Call to Action. Download our supply chain visibility checklist — a one-page worksheet that helps you calculate your current tracking costs and identify your highest-risk suppliers.
SEO Keywords. supply chain visibility; supply chain management manufacturing; operations manager supply chain tools; reduce production downtime suppliers; supplier lead time tracking; manufacturing supply chain optimization; supply chain visibility ROI.
Format and Length. Blog post. 800-1200 words per content standards. Structure: problem statement, cost of the status quo, what visibility changes, how to start small, CTA.
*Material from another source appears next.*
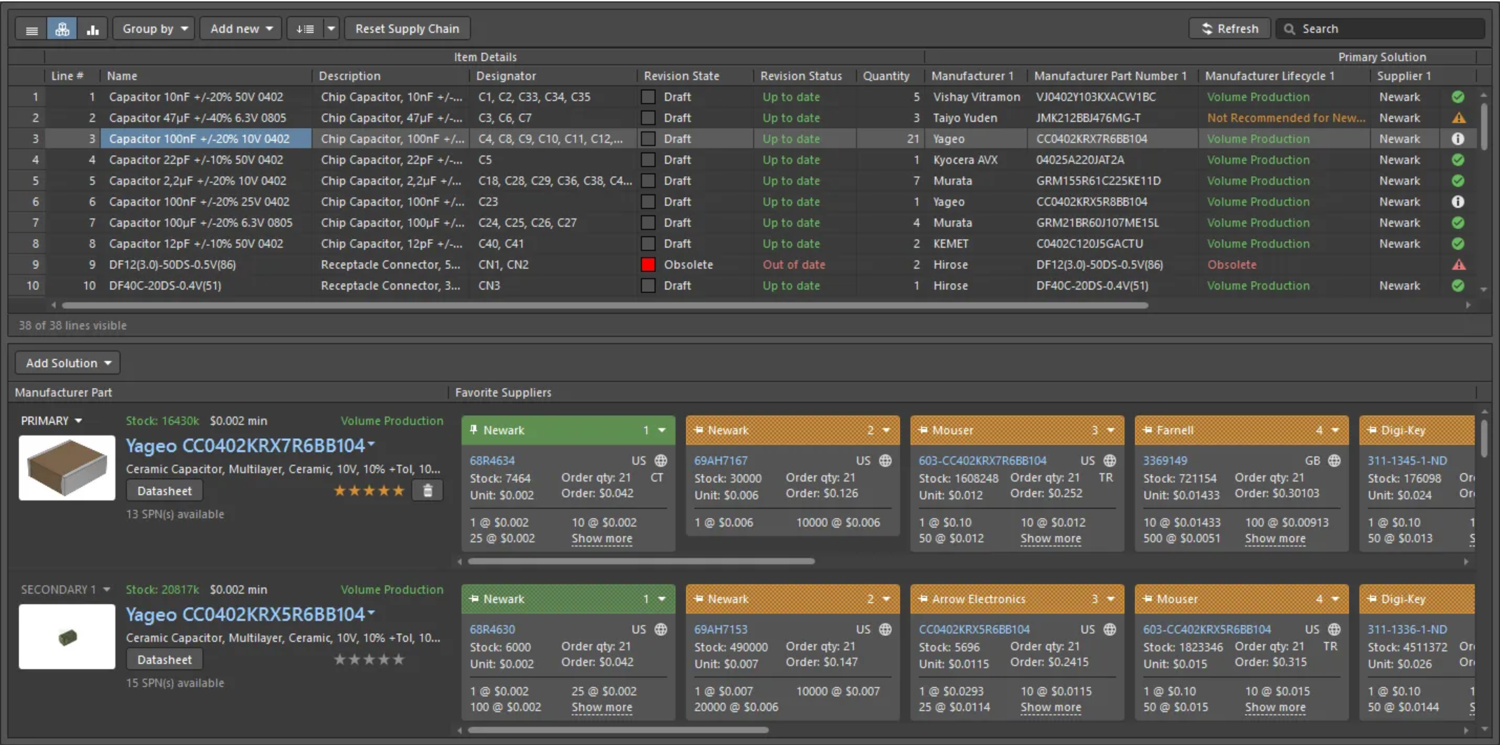 元器件選擇通常是兼顧可用性、單價和制造量的過程。ActiveBOM最大的優勢之一是其能夠將詳細的、最新的供應鏈信息直接帶入設計環境。訪問此信息意味著工程師可輕松監測他們的元器件選擇并根據需要采用元器件。

Outline. Four sections — The 6-Hour Problem (how much time ops managers spend chasing status updates, supports message 1), What Breaks When You Cannot See (production stoppages traced to late deliveries, supports message 2), Visibility is Not a Software Pitch (frame as practice, not product, supports message 3), Start With Five Suppliers (80/20 rollout, supports message 4).
Competitor Differentiation. Most supply chain content targets logistics directors at enterprise companies and assumes the reader has a dedicated supply chain team. Our angle: this is for the ops manager who is the supply chain team. Practical, small-scale steps that do not require a six-figure platform or a dedicated analyst.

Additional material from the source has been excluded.